The most surprising thing to me in the OP was seeing that Octopress users had been updating their sites all this time...I frequently checked back on the Octopress blog, and then the Git repo, to see how to go about doing that. I tinkered around playing with the dev branches but didn't know enough to get around their hiccups. Finally I gave up on it and just went to Jekyll, which was definitely a blessing in disguise, as it let me figure out more of the process of static site building, with fewer abstractions and conveniences in the way.
I don't know if I'll ever go back to Octopress -- I'm a devout Middleman user now -- but the direction it's taking seems to be the right one, and I'm amazed that the author, these past few years, is still cranking away at what could easily just be a legacy, soul-sucking project -- given the size of the userbase and the number of dependencies/upgrades involved in changing the code base.
For what it's worth, I'm also a huge fan of Middleman. It's a great project and I use it for some things too. For a while, when Jekyll was in a dry spell, I considered building Octopress tools for Middleman as well, but in the end I prefer the simplicity of Jekyll.
Middleman is great, but it's too much like the view layer of Rails. To me, Jekyll feels more like the native web.
But of course, that doesn't mean you can't do incremental rebuilds. If the data is older than both the HTML and the template, then there's no need to rerender. More generators should support this, either internally or by making it easier to run them as part of a Make build.
Not quite the admin GUI you're looking for though; it's more for lowering the barrier to entry.
NetObjects Fusion had some interesting features and ideas. My first non-intern job was with a company that did e-Learning materials. Our products were basically self-contained websites, with video content and scripted subtitled text, distributed on CDs. This was 2002 or so, so it was super bleeding edge then.
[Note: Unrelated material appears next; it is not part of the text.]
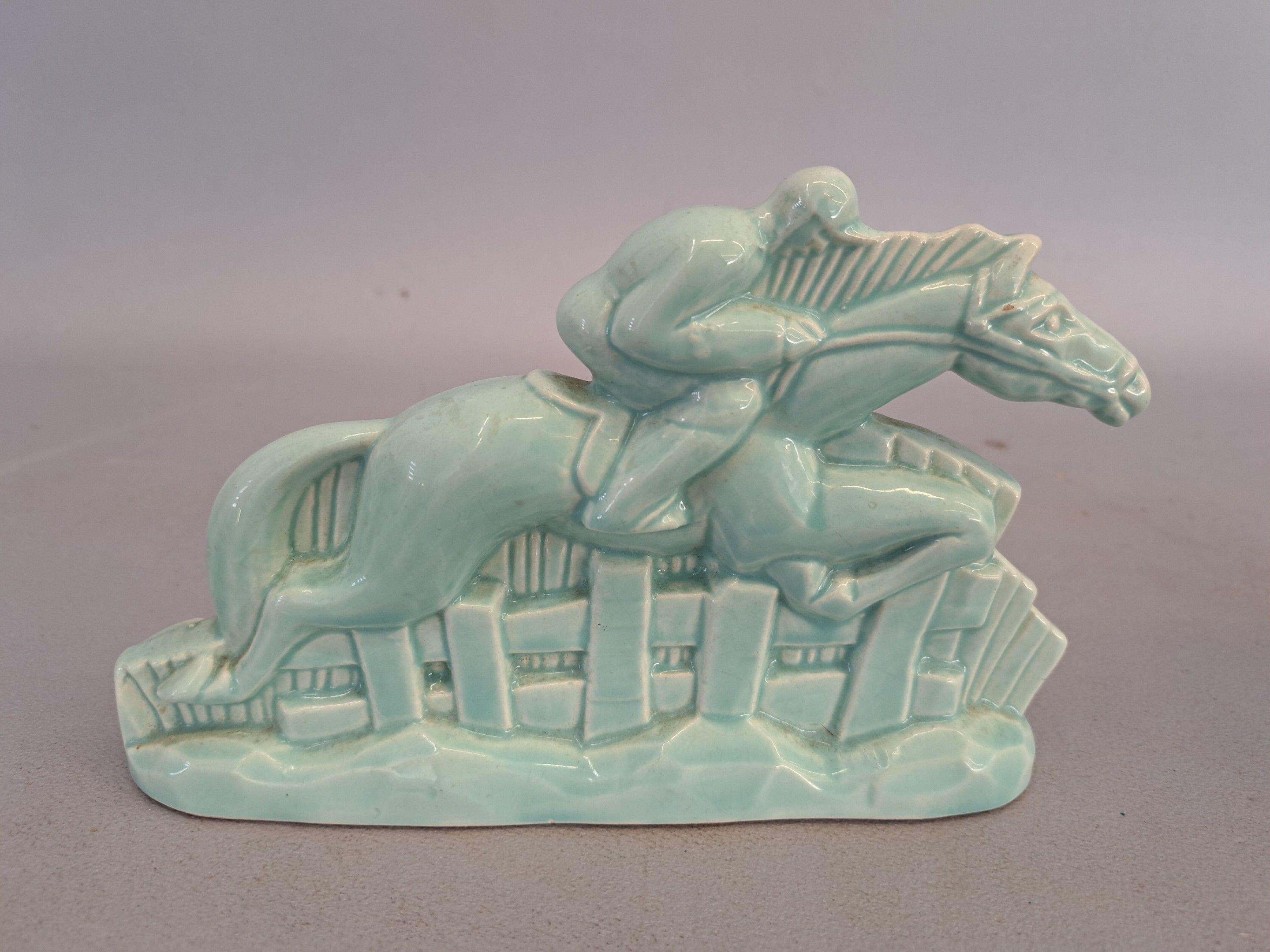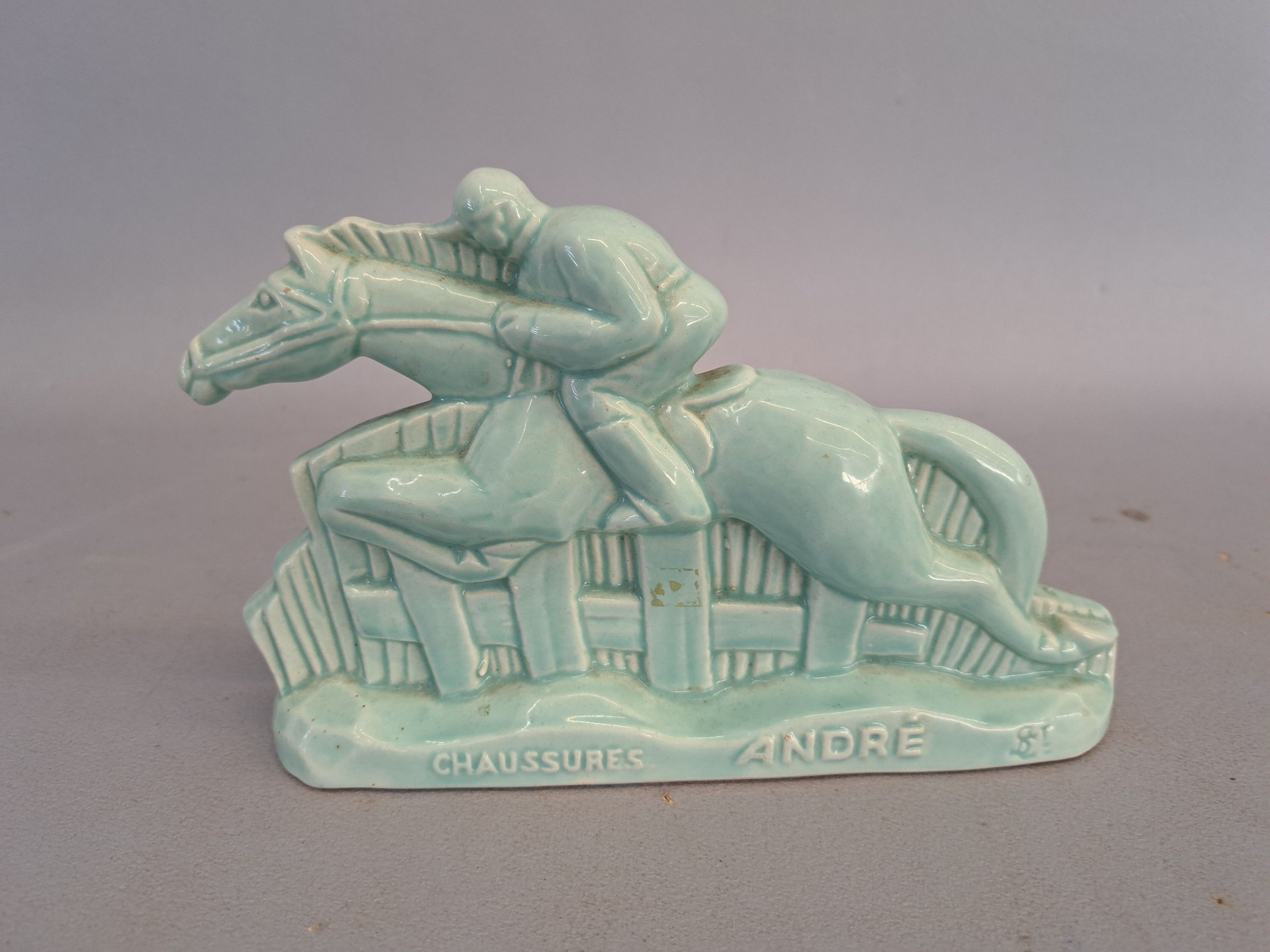 Saint Clément, ANDRE shoes, advertising subject in green glazed earthenware, L. 20 cm.

Our entire infrastructure relied on the extensive scriptability and plugability of NetObjects Fusion. We had an entire authoring system and video production pipeline that would allow NetObjects to generate pages for the videos with templates, all things needed included. All you had to do was drag the video player into the page and set the right property, and our build system would handle everything else.
The process was so automated on the technical side that it allowed the task of actually assembling the sites themselves to be farmed out to University students with little technical training. Although, speaking as someone who was initially hired as one of those "production workers," we were paid very well relative to other traditional college jobs and the work, while sometimes tedious, was often interesting and fun. I got to learn so many random things - how tires are made, how the propellant for the Space Shuttle's SRBs was mixed, etc.
Even now, I can still, a bit fondly, remember the hierarchical layout of NetObjects, with it's little yellow and black shields representing pages.
It was also a great company to work for. The owner was a business professor full time and this was his side project. We were always small, and him and his wife always took an interest in all the students that worked for them. Getting a home-cooked meal and a night of poker once a week was a nice perk for a poor college student.
The cool thing, though, was there was no pressure to stay. They knew we were students, they knew we were going to graduate eventually and take jobs elsewhere. It was a mutually beneficial scenario where they got relatively cheap labor (at the time), and we got good experience before heading out into the world.
I ended up staying on there for another 3 months or so after I graduated before taking my first full-time programming job. A big part of me landing that first post-college job was due to experienced I gained working in that environment. First as a lowly production worker, then advancing to graphic design, administering the network and programming plugins and scripting for NetObjects.
So I suppose my career would probably look very different without NetObjects Fusion.
EDIT: It doesn look like it's available for linux though...
If you find a workflow that works for you, post an issue on GitHub and maybe I can help automate parts of it. If it's just about adding YAML data, the new post templates feature of Octopress should take care of you there.
EDIT: Whoops, there's now even a directory listing static site generators in different languages! https://www.staticgen.com/
HERE HERE! Can't wait for this to be out!